Re. replacing, do you mean using a phony sequence (say, &1 for \1, escaping actual & as &&), and replacing them in the final regexp? It would mean that RegExps have to be finalized before they are usable, which is sub-optimal from an API standpoint.

By "replacing", I mean replacing stuff like \a and \z with a and z respectively, among other things. Also, \u{2} in non-/u regexps matches strings with the substring "uu", while in /u regexps, it's equivalent to \x02. So in each case, it's just about stripping redundancy.

This article explains more.

IMHO you should just reject such /u flag mismatches instead. Keeps you out of the mess and keeps it more predictable.

Good point regarding \u{2} :-)

Strictess could be an option with a global u mode that also turns strings into Unicode regexps.

Even If I'm strict regarding flags compatibility, that still leaves me with the problem of orphaned back references: flags('u', ref(1)) will throw.

You'd be better off lazily generating the regexp in that case and building the backreferences internally - you can design the API to throw on execution if you have a backreference without a corresponding capture.

Yeah probably. The current API has this neat property that it is "RegExp in, RegExp out", benefitting from the validation offered by the RegExp() constructor (so I know that there are no structural loose ends). The values returned by the combinators are also necessarily valid, so I guess I could use thunks with a .toRegExp() method, even though I lose in immediacy, which is an important property for me when prototyping.

Another drawback of the current strictness (which doesn't affect me in this case, but will bite people) is that packages like are made obsolete by the u flag, since you can't escape ] or - out of charsets, and the other special characters within a char set...

Edit: pinging @mathiasbynens who was pretty active on the unicode RegExp front.

Edit again: I just ran into the Lone quantifier bracket issue now. The new rules don't make any sense to me. You're being incredibly uptight about not escaping things that don't need to be, then you introduce a new, arbitrarily mandatory escape sequence. ... OTOH /[-[-]/u still works fine.

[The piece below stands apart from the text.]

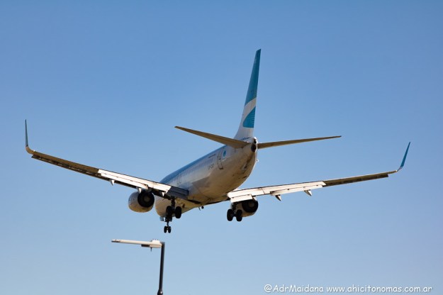 En el vuelo de regreso no me dormí, así que en la hora y media que dura pude disfrutar del servicio de abordo que es únicamente de bebidas. Recuerden que desde hace bastante Aerolíneas eliminó el serivicio de comidas a bordo para vuelos cortos. Al llegar a Aeroparque desembarcamos por manga, lo que hizo que nos mezcláramos con los pasajeros que aguardaban para abordar su vuelos en la sala de embarque. Siguiendo la cartelería de «Reclamo de Equipajes» se llega hasta las cintas y la salida.
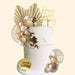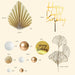 Celebrate in style with our Birthday Cake Topper Deco Kit! This elegant kit includes 25 pieces of ball-shaped cake toppers, 2 palm leaves, 1 leaf topper, and 2 birthday cake toppers in gold and white.

Edited, hopefully one last time: I know that they are intended as ergonomic improvements, but I'm afraid the new rules make handling escaping more complex in practice. The rules before were

  • you can escape whatever you like
  • but you don't have to unless it is necessary for semantics reasons, with the exception of \).

Now it is

  • you must have perfect knowledge of the JS RegExp syntax to know what to escape
  • you can only escape when strictly necessary
  • except for unmatched parentheses, backets and braces outside character classes

So now you need expert level knowledge of the syntax of the JS dialect to start using them.

The new rules (with the exception of the alphabetic escape sequences which are necessary for forwards compatibility) make RegExps even less approachable for occasional (i.e. most) users.